Breastfeed (If Possible)
Breastfeeding isn’t possible for everyone—and we’re not about promoting mom-guilt.
If breastfeeding is an easy option for you, it’s a great way to nurture your baby’s microbiome early on in their life. Your breastmilk can “customize” itself to your baby's needs—providing essential nutrients and, yes, probiotics!
The probiotics and prebiotics in your breastmilk will help build your baby’s own microbiome while their immune system matures on its own.
Spend Time in the Dirt
A little tummy time in the great outdoors? Your baby will probably love it.
There are tons of probiotics in the soil, making grounding an easy (and free) way to boost your baby’s microbiome.
Creating a habit of outdoor play and curiosity as your child grows can help strengthen their immune system and nurture their gut and skin health—while cultivating a lifetime love for nature.
Focus on Adding Bacteria Instead of Removing It
For years, the medical community has subscribed to the idea that removing harmful bacteria is the way to treat infection and illness.
That’s sort of true.
Your gut microbiome is constantly fighting with itself—the ultimate story of good vs evil. Although antibacterials are important for treating some infections, you can actually make a lot of progress by feeding the good bacteria.
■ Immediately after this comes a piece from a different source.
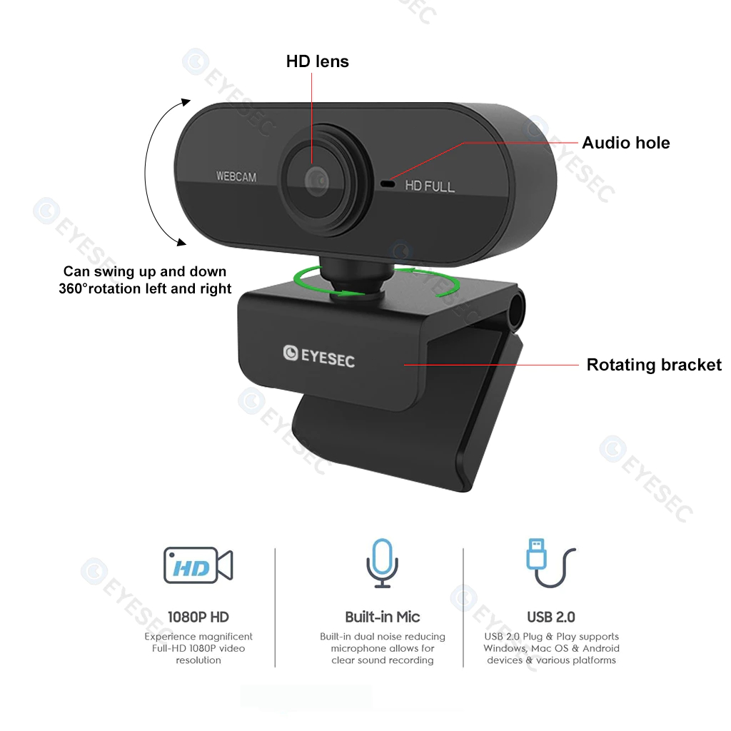 EYESEC Webcam 1080P Laptop USB Kamera PC With Mic Camera Webcast Live Zoom Google Meeting Camera Broadcast Video

Increase the good bacteria in your baby’s system, and they’ll have a better chance of fighting off the bad stuff.
If you focus on removing bacteria altogether (via frequent use of antibiotics and antibacterials), you’ll kill both the good and the bad bacteria—leaving skin susceptible to future infections.
Use Non-Toxic Skincare Products (Like Organic Baby Shampoo and Organic Baby Wash)
We don’t like to fixate on all the bad stuff in baby skincare products. But trust us—it’s one big yikes. Fresh out of the womb, your baby’s microbiome is fragile. The choices you make between birth and early childhood development can either provide long-term nourishment or chronic damage.
Focus on two things: the food your baby consumes and the products their skin is exposed to.
Signs You Need to Focus on Feeding Your Baby’s Microbiome
Wondering how your baby’s microbiome is doing? These signs and symptoms can indicate distress:
- Unexplained digestive issues
- Frequent rashes (like eczema and baby acne)
- Immune system distress and frequent illness
The solution to these issues is typically an over-the-counter cream or medication. But this can further alter the natural microbiome and cause long-term issues.
If possible, treat the symptoms with all-natural products, like 100% grass-fed tallow balm and organic baby balm. Then do a deep dive into diet and lifestyle, so you can help your baby rebuild their microbiome—and their health.